Check out this website. He's done the mod you are looking for ;-)

http://www.jackphelps.com/frontier/mirror.htm


----------



## 05 NISMO 4X4 (Jun 4, 2005)

I've done the same mod! It works great! I had mine installed by an aftermarket stereo shop, I didn't have the guts to attempt it myself, but after looking at the install job, it really wasn't all that tough!


----------



## georgiejr (Nov 7, 2005)

05 NISMO 4X4 said:


> I've done the same mod! It works great! I had mine installed by an aftermarket stereo shop, I didn't have the guts to attempt it myself, but after looking at the install job, it really wasn't all that tough!


Hey 05 NISMO 4X4,

Where did you purchase your unit (auto-dimming mirror). and do you have the Homelink too?


----------



## 05 NISMO 4X4 (Jun 4, 2005)

georgiejr said:


> Hey 05 NISMO 4X4,
> 
> Where did you purchase your unit (auto-dimming mirror). and do you have the Homelink too?


Yes, it has the compass, outside temp and Homelink in the auto dimming mirror. I purchased it through a local aftermarket dealer, Paul's Auto Glass, who also did the installation. It's a #50-GENK50 Gentex Mirror distributed by Mito Corporation. Go to www.mitocorp.com too see the mirrors thay have available. To find a dealer near you, you have to call them at 1-800-433-6486.

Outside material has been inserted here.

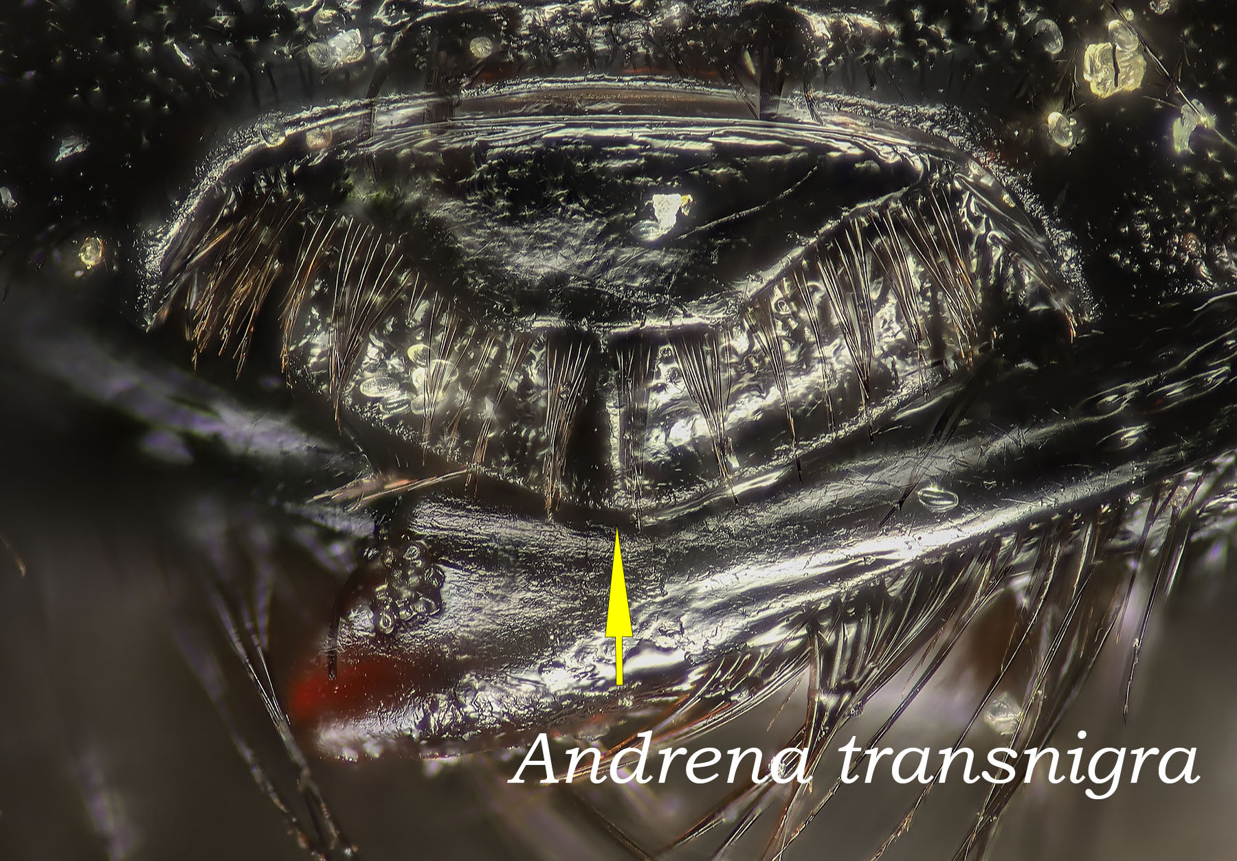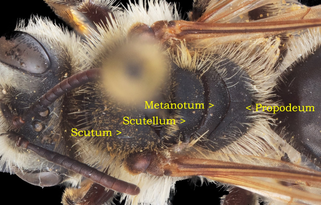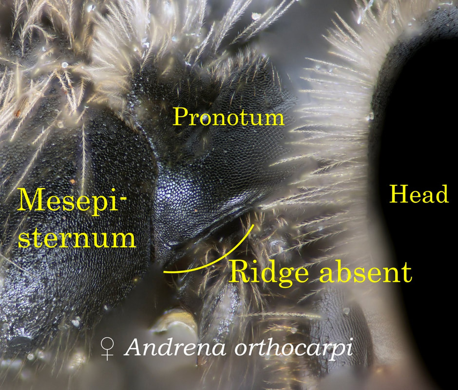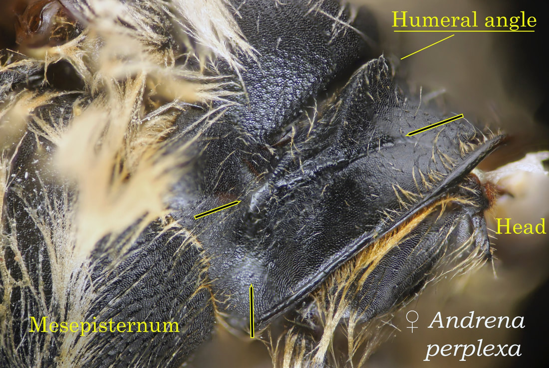 Photo at right: Andrena nivalis, specimen determined by LeBerge. The humeral angle is akin to shoulder when viewed from in front. From the side, as in this image, it is difficult to judge, but the angle is absent (or weak). There is a discernible crease on the pronotum in this image. It is NOT a pronotal ridge - it does not extend down from the humeral angle. Note from Joel Gardner, who explained this to me: [The lateral sulcus] is present on almost all species that lack a pronotal ridge, Scaphandrena being the main exception (the absence of the lateral sulcus is a good way to recognize certain Scaphandrena). Most species that have a pronotal ridge lack a lateral sulcus, "Tylandrena" (in the classical sense) being the main exception. |

I also found a couple places on-line by Googling the Part #.


----------



## OverTheTop (Nov 17, 2005)

georgiejr said:


> Hey 05 NISMO 4X4,
> 
> Where did you purchase your unit (auto-dimming mirror). and do you have the Homelink too?



If you contact the guy at

http://www.brandnewnetwork.com/Automotive Accessories/GENTEX Auto Dim Mirrors/ 


They sell the GENK51 for 279 but if you tell them you saw the info on Jacks site they will sell it for $235. It is the same mirror as the GENK50 but I guess the 50 has a more user friendly wire harness. The instructions on Jacks site are for the 51. I love my Homelink!!!!!


----------



## georgiejr (Nov 7, 2005)

OverTheTop said:


> If you contact the guy at
> 
> http://www.brandnewnetwork.com/Automotive Accessories/GENTEX Auto Dim Mirrors/
> 
> ...


Forgive the ignorant, but Homelink is the one that would open the gate and the garage door. Is it easy to program (how is it done, just curious).


----------



## 05 NISMO 4X4 (Jun 4, 2005)

georgiejr said:


> Forgive the ignorant, but Homelink is the one that would open the gate and the garage door. Is it easy to program (how is it done, just curious).


Yes, it is easy to program, the exact directions are available from the Mito website referenced above, but in a nut shell, you hold the two outside buttons till they blink, then press the button on your garage door opener remote to program the Homelink, then put your garage door opener motor into program mode and push the button you just programmed. The whole process took me about 5 minutes to program my mirror for both garage doors. (BTW - you have three buttons on the mirror to program, so there are plenty of options!)


----------



## scuba91ta (Aug 19, 2005)

nice guys - can't thank you enough!


----------